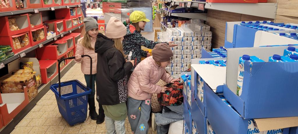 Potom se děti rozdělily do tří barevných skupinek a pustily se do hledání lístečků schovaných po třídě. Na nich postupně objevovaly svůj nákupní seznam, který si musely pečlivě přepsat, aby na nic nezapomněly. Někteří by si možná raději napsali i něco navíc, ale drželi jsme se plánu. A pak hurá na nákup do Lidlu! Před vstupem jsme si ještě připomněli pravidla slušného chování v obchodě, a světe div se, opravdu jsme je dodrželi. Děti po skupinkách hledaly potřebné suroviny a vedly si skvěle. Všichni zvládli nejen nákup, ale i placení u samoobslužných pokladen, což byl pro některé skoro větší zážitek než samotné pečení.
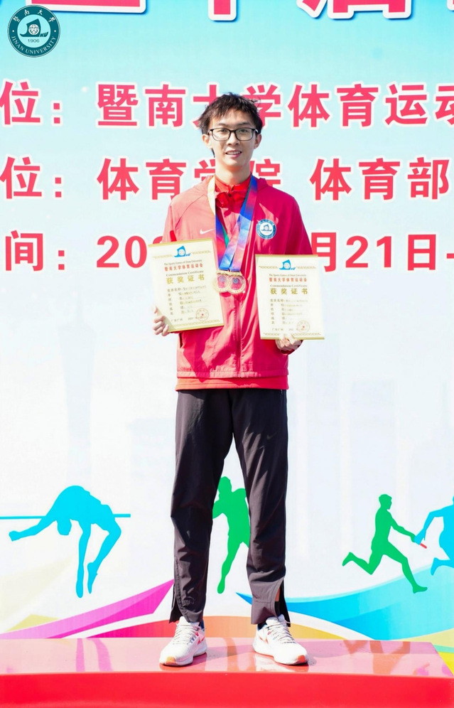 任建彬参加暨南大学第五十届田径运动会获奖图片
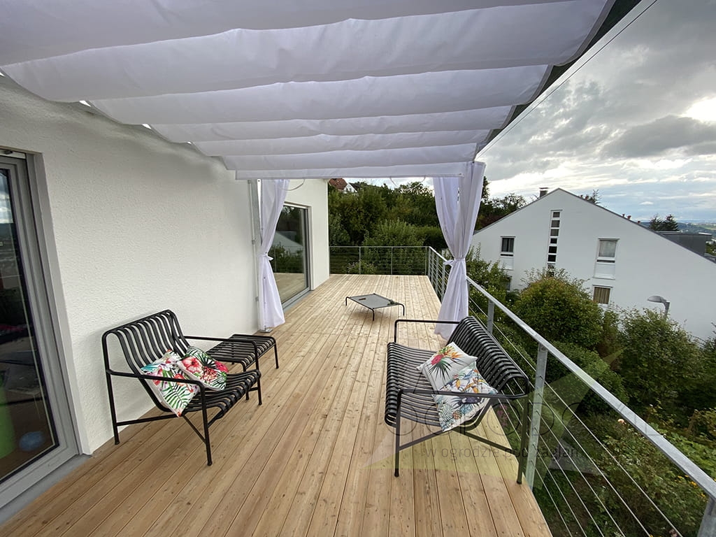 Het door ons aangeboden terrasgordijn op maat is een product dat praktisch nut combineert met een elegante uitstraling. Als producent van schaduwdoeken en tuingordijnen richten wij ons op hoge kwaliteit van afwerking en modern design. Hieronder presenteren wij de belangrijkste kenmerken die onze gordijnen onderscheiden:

§ **TASK**: Each line above should be printed again exactly, though the pictures should not be.

§ **TASK RESULT**:
 Potom se děti rozdělily do tří barevných skupinek a pustily se do hledání lístečků schovaných po třídě. Na nich postupně objevovaly svůj nákupní seznam, který si musely pečlivě přepsat, aby na nic nezapomněly. Někteří by si možná raději napsali i něco navíc, ale drželi jsme se plánu. A pak hurá na nákup do Lidlu! Před vstupem jsme si ještě připomněli pravidla slušného chování v obchodě, a světe div se, opravdu jsme je dodrželi. Děti po skupinkách hledaly potřebné suroviny a vedly si skvěle. Všichni zvládli nejen nákup, ale i placení u samoobslužných pokladen, což byl pro některé skoro větší zážitek než samotné pečení.
 任建彬参加暨南大学第五十届田径运动会获奖图片
 Het door ons aangeboden terrasgordijn op maat is een product dat praktisch nut combineert met een elegante uitstraling. Als producent van schaduwdoeken en tuingordijnen richten wij ons op hoge kwaliteit van afwerking en modern design. Hieronder presenteren wij de belangrijkste kenmerken die onze gordijnen onderscheiden:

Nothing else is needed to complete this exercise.